• [DESCRIPTION OF THE TASK]: An exact transcription of all the records, free of pictures, is the expected answer.

• [PROVIDED RECORDS]:
-*-*-
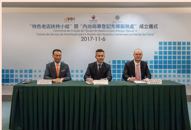
Inauguration ceremony of the “foster group for featured time-honoured brands”

supports the Guangdong and Macao Federation of Industry and Commerce in setting up a pilot service centre for Mainland business registration in Macao. During the first phase, the service centre will provide free-of-charge incorporation and individually-owned store registration services to Macao enterprises and residents, service items include: (1) Mainland company name search; (2) set up databases to review relevant registration details; (3) provide guidance to filling in registration documents; (4) set up a “green lane” to
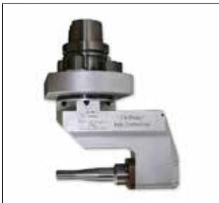
13 RWW Special Offset Head
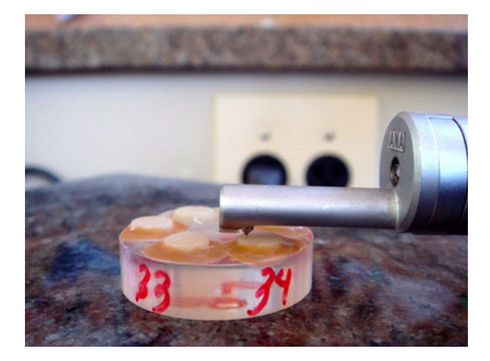
Fig. 2 Initial roughness measurement

the arithmetic mean (Ra) between the peaks and depressions traveled by the active tip of the device, in which the measurement run was 1.25 mm with a wavelength of 0.25 mm. The mean obtained for each test specimen corresponded to three readings, one performed in the direction of the test specimen diameter, the others perpendicular and in the oblique direction of the first reading.
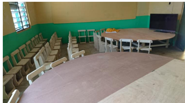
Figure 7: Sets of new tables and chairs readied for the kindergarten classrooms as well as a television set to arouse interest in learning.
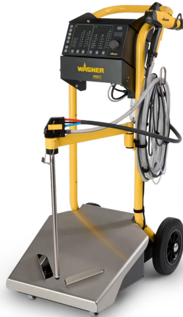
Sprint 2 B
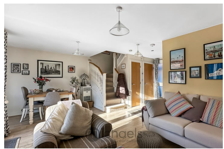
17'0" \times 15'5" (5.18m x 4.70m) With double glazed double doors to rear, two radiators, storage cupboard, TV point, stairs rising to first floor, door to utility/WC and open to;
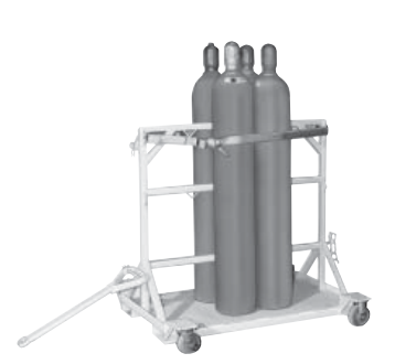
A security strap is standard on all 300 Series Kaddy-Karts, including KK300CT.
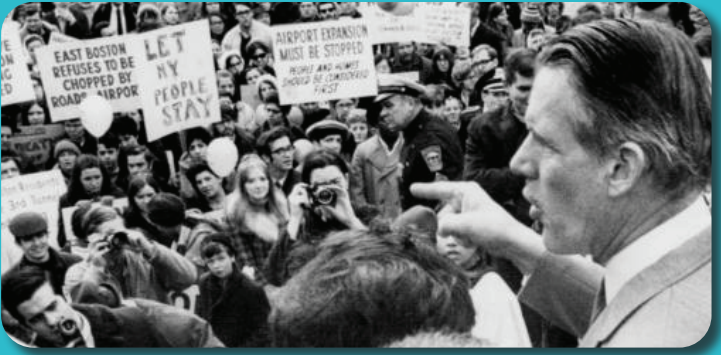
On November 30, 1970, not long after becoming Governor of Massachusetts, Francis Sargent declared a moratorium on highway building inside the Route 128 loop and called for a comprehensive multimodal study of the region's transportation needs.

In combination with the nation's environmental movement, and the passage of the federal Clean Air Act, establishment of other air quality regulations, and the creation of the EPA, these advocacy efforts attracted significant political support to the highway revolts.
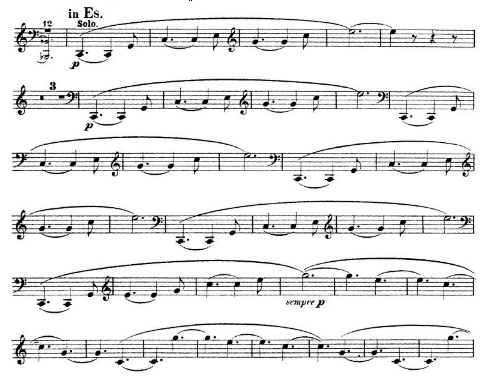
Weber – Der Freischutz Overture

Horn VIII in Eb, In moto tranquillo, sereno \frac{6}{8}
-*-*-
• [OUTPUT OF THE EXERCISE]:
Inauguration ceremony of the “foster group for featured time-honoured brands”

supports the Guangdong and Macao Federation of Industry and Commerce in setting up a pilot service centre for Mainland business registration in Macao. During the first phase, the service centre will provide free-of-charge incorporation and individually-owned store registration services to Macao enterprises and residents, service items include: (1) Mainland company name search; (2) set up databases to review relevant registration details; (3) provide guidance to filling in registration documents; (4) set up a “green lane” to
13 RWW Special Offset Head
Fig. 2 Initial roughness measurement

the arithmetic mean (Ra) between the peaks and depressions traveled by the active tip of the device, in which the measurement run was 1.25 mm with a wavelength of 0.25 mm. The mean obtained for each test specimen corresponded to three readings, one performed in the direction of the test specimen diameter, the others perpendicular and in the oblique direction of the first reading.
Figure 7: Sets of new tables and chairs readied for the kindergarten classrooms as well as a television set to arouse interest in learning.
Sprint 2 B
17'0" \times 15'5" (5.18m x 4.70m) With double glazed double doors to rear, two radiators, storage cupboard, TV point, stairs rising to first floor, door to utility/WC and open to;
A security strap is standard on all 300 Series Kaddy-Karts, including KK300CT.
On November 30, 1970, not long after becoming Governor of Massachusetts, Francis Sargent declared a moratorium on highway building inside the Route 128 loop and called for a comprehensive multimodal study of the region's transportation needs.

In combination with the nation's environmental movement, and the passage of the federal Clean Air Act, establishment of other air quality regulations, and the creation of the EPA, these advocacy efforts attracted significant political support to the highway revolts.
Weber – Der Freischutz Overture

Horn VIII in Eb, In moto tranquillo, sereno \frac{6}{8}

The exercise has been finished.